A delegada Nadine considera que o trabalho feito pelas primeiras mulheres foi fundamental para a conquista de espaço dentro da instituição. A chefe de polícia relembra, por exemplo, que as primeiras delegadas foram incorporadas somente na década de 1980.
— Foram elas que abriram esse caminho, não pelo fato de terem passado no concurso, mas por terem continuado a romper e enfrentar todos os desafios diários. O movimento feminista na década de 1970 exigia que homens não revistassem mulheres suspeitas. Elas encararam etapas e venceram um desafio maior: se manter dentro de uma instituição que talvez, no início, era muito machista — afirma Nadine.
Para a delegada, a inclusão das mulheres foi associada ao o papel de cuidar das pessoas.
— Tudo que era relacionado aos direitos das mulheres, das crianças e dos idosos, por exemplo, era encaminhado para que elas atendessem. As três primeiras aprovadas no concurso de delegado em 1988 foram as primeiras titulares das delegacias especializadas no atendimento à mulher, em Canoas, Porto Alegre e Caxias do Sul — relembra.

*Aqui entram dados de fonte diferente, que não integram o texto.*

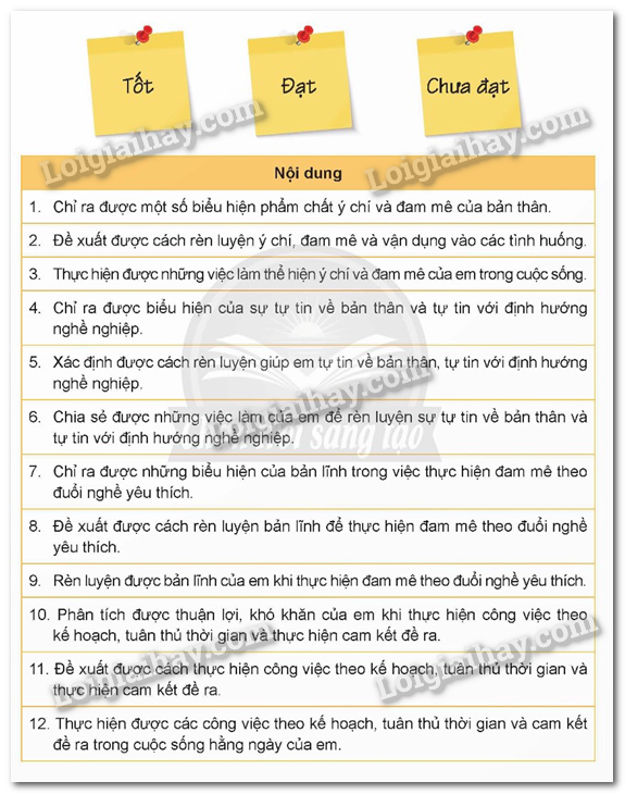 HS tự đánh giá các mức độ mình đạt được trong việc thực hiện các mục tiêu của chủ đề theo ba mức độ Tốt/ Đạt/ Chưa đạt.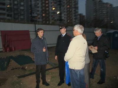 А.Е.Клычков настоял, чтобы майор прошел с ним как с депутатом Мосгордумы и с некоторыми жителями, на строительную площадку, чтобы удостовериться в наличии у застройщиков оригиналов всех необходимых строительных документов. Зайдя на площадку, мы обнаружили замок на двери будки строительной компании, отсутствие сторожей, которые обязаны следить за безопасностью на объекте. Зато спокойно висят газовые баллоны, разбросан строительный мусор. Если вдруг на стройке окажутся дети, может произойти непоправимая трагедия. На требование депутата составить рапорт о всех выявленных нарушениях участковый майор полиции отказался, зато предложил жителям вызвать полицию (!), дабы в его полномочия как участкового написание рапорта о нарушениях не входит! И как в обычном анекдоте после вызова полиции перед жителями вновь предстали два сержанта, которых совсем недавно этот самый участковый отправил сидеть в полицейскую машину.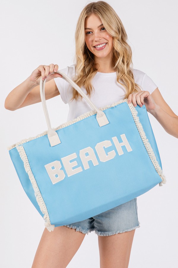 - * EMBROIDERED BEACH LETTER FRINGE TOTE BAG.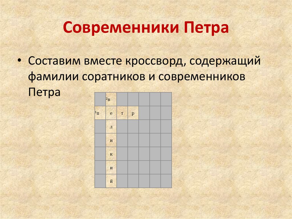 Современники Петра• Составим вместе кроссворд, содержащий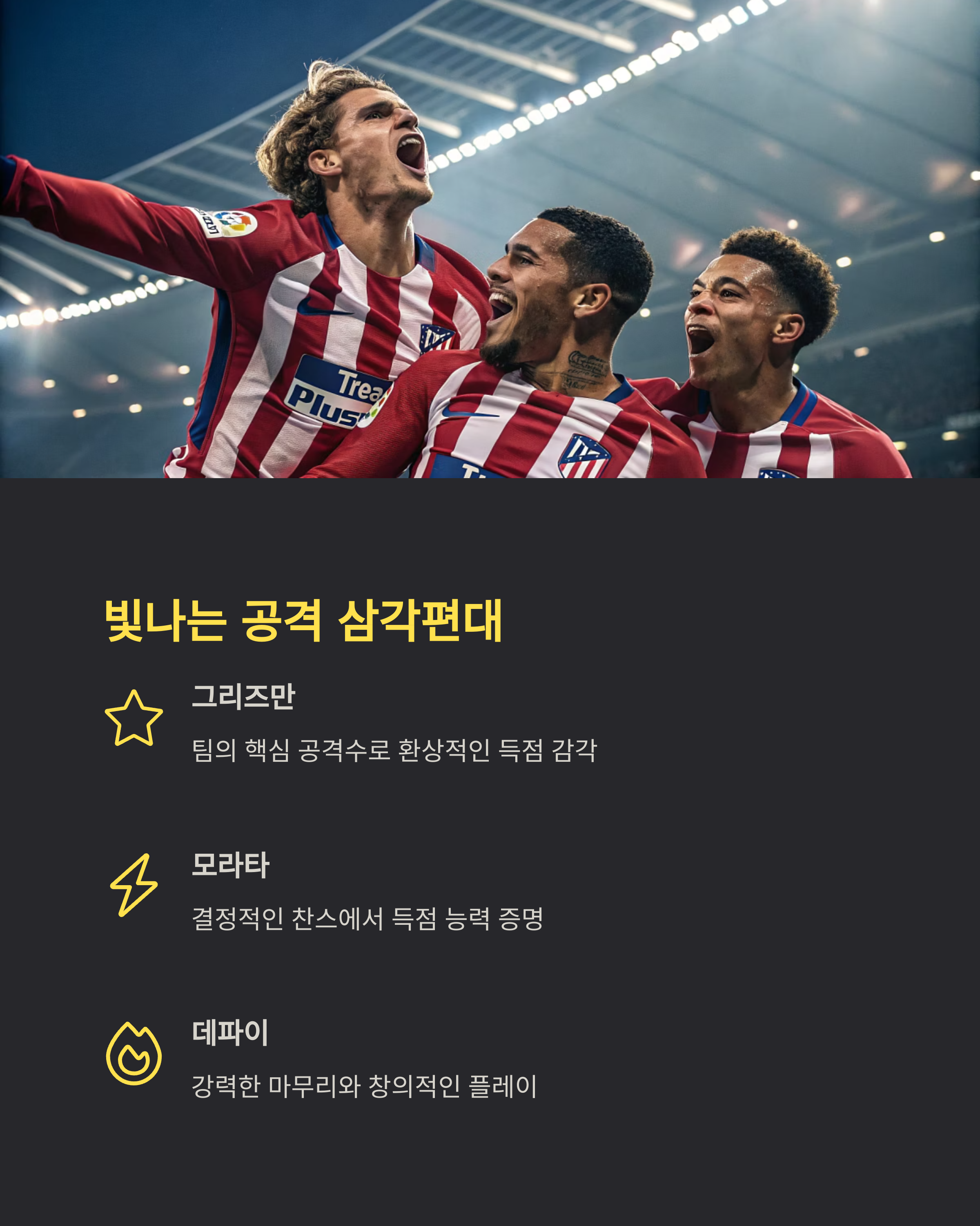 수비 안정화와 함께 공격진의 밸런스가 살아났어요. 특히 그리즈만, 모라타, 데파이 등 다득점 옵션이 살아나며 전방 압박이 효과적으로 작동 중입니다.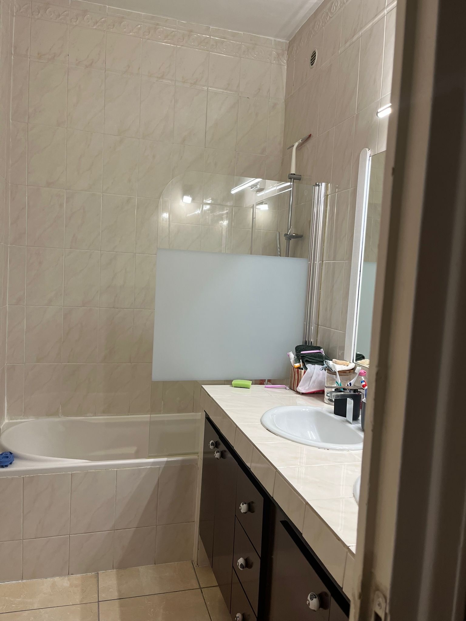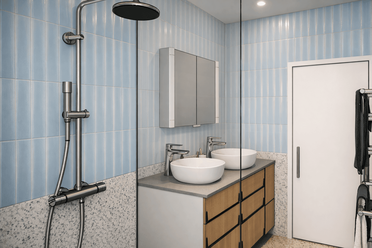 Les aménagements fonctionnels — meuble suspendu, douche optimisée, espaces dédiés — structurent l’ensemble tout en conservant élégance et sobriété.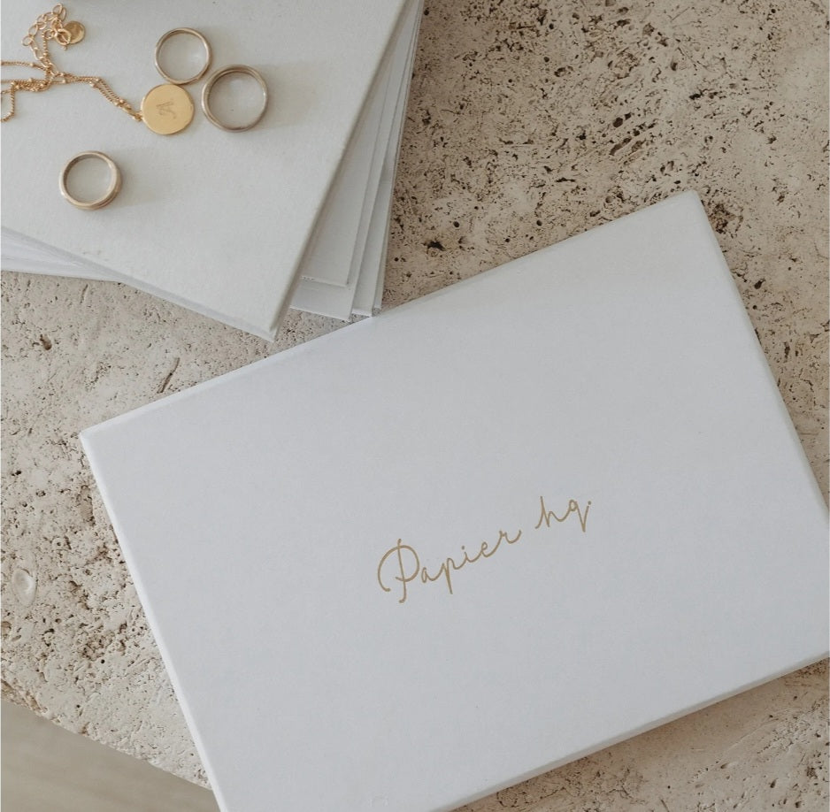 All of our notebooks come packaged in a beautiful white box with gold foil, making them a gorgeous gift for a loved one.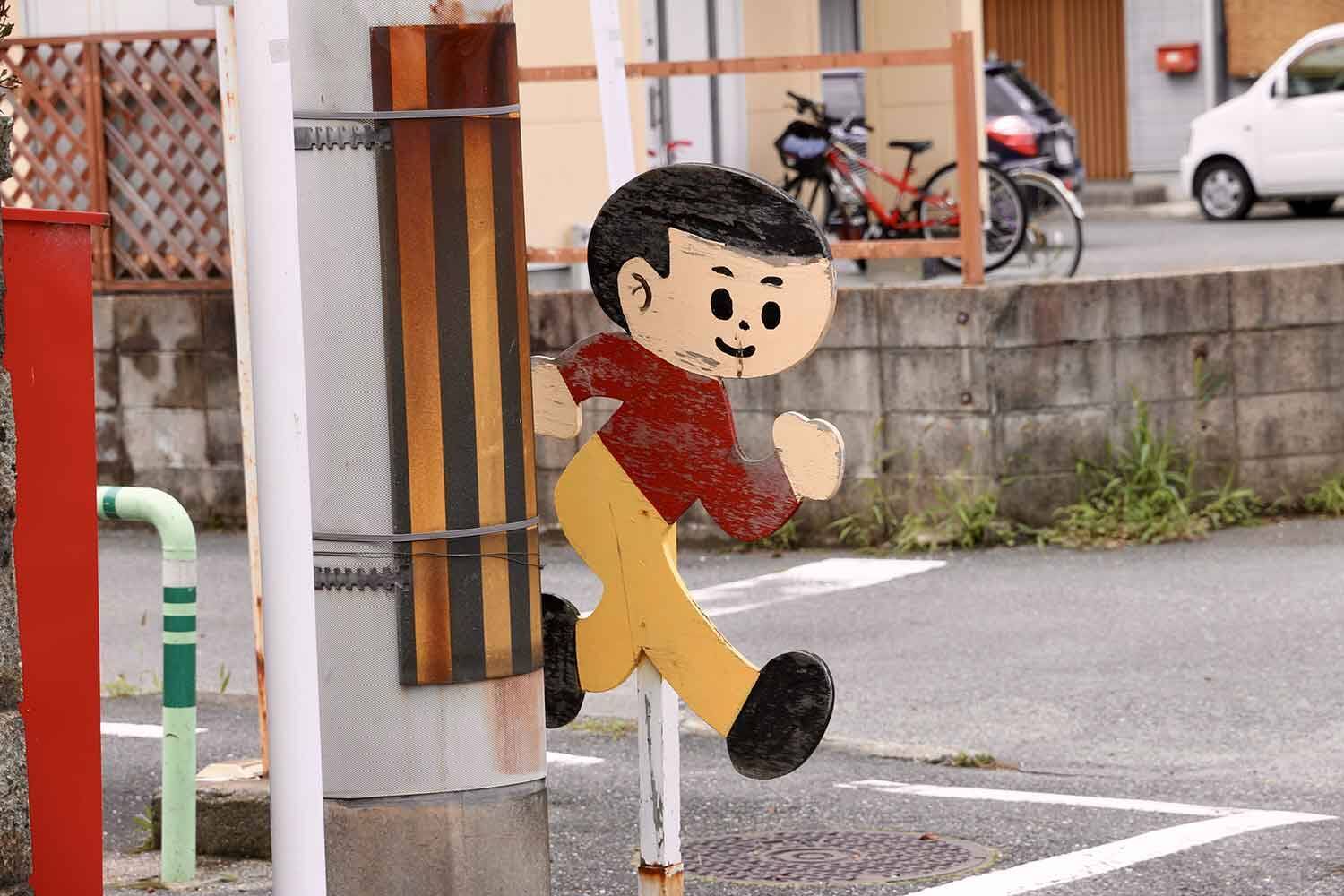坊主頭のまん丸顔に丸い黒目と低い鼻と一文字の口という顔、赤いシャツに黄色いズボンというビビッドで目立つ服装で走っている姿の立て看板は、それを意識しながら走っていると、けっこういろんなところで見かけるほど普及しています。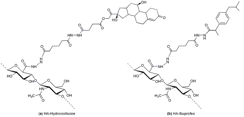 (a) HA-hydrocortisone: the HA-ADH derivative was conjugated to a hemisuccinate derivative of hydrocortisone previously activated with NHS [55]; and (b) HA-ibuprofen: the HA-ADH derivative was conjugated to an activated ester of ibuprofen, using a carbodiimide and NHS [55].
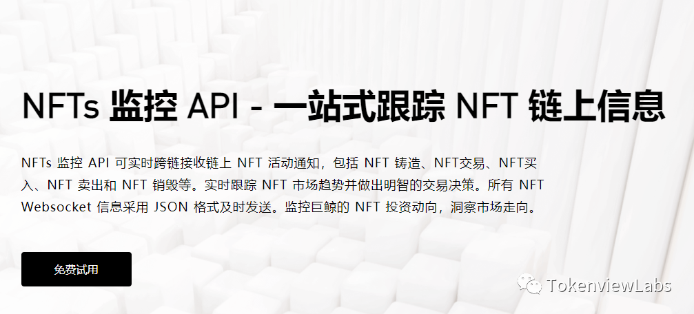 Tokenview.io推出NFT交易监控数据服务。一站式跟踪NFT链上信息,可使用APIKey一键配置,帮助WEB3用户简化产品构建。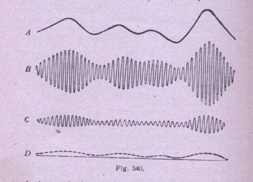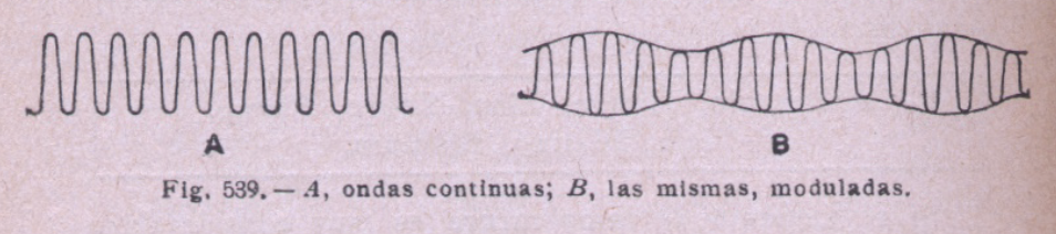 El último apartado del libro se dedica a este tema de la T.S.H. (la «actual» como ya apuntábamos) y comienza ilustrándonos sobre las ondas continuas y las moduladas (con una figura tomada de libro «Compendio de Radiotelefonía» de 1925), mencionando el caso de «la prensa diaria»2.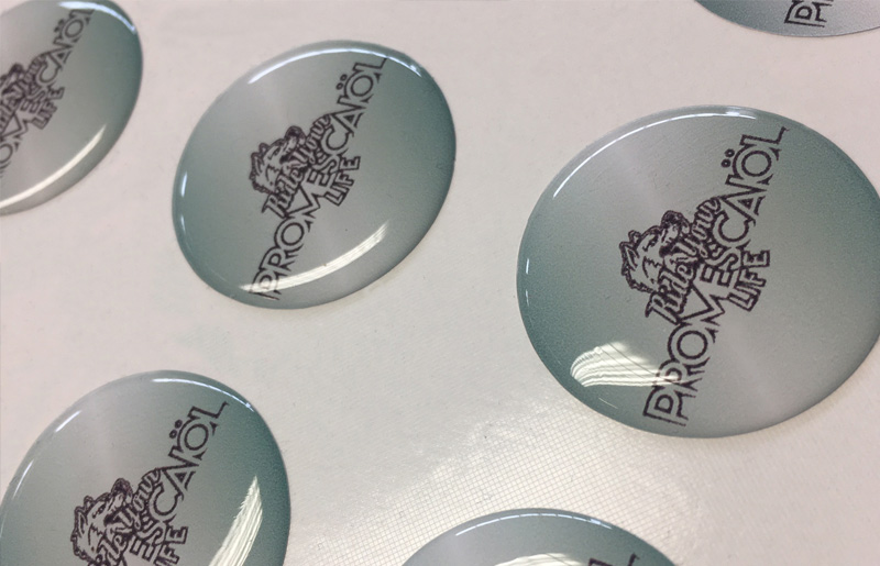 Questi adesivi sono stampati in digitale su un pvc con colla ad alta appiccicosità, poi vengono ricoperti con una resina poliuretanica in modo da creare un effetto 3D gommato.

Nascida em Getúlio Vargas, na região norte do Estado, Nadine conta que saiu de casa aos 16 anos para estudar em Passo Fundo, onde concluiu o Ensino Médio, cursou Direito e foi em busca de uma vaga no serviço público. Passados um ano e meio na chefia de Polícia, ela se diz muito satisfeita ao poder representar as mulheres e os homens da instituição:
— Orgulho é a palavra que resume o meu sentimento. Observei, nos primeiros meses, que nós já temos uma Polícia Civil madura. Internamente, parece que não foi uma novidade eu assumir. Isso porque as mulheres já ocupavam cargos de chefe de investigação, chefe de cartório, diretoras de departamentos, entre outros.
O Sindicato dos Escrivães, Inspetores e Investigadores de Polícia do Rio Grande do Sul (Ugeirm) tem planos para, após a pandemia, reunir parte do grupo de mulheres da primeira turma e montar um documentário contando a história das pioneiras da Polícia Civil do Rio Grande do Sul.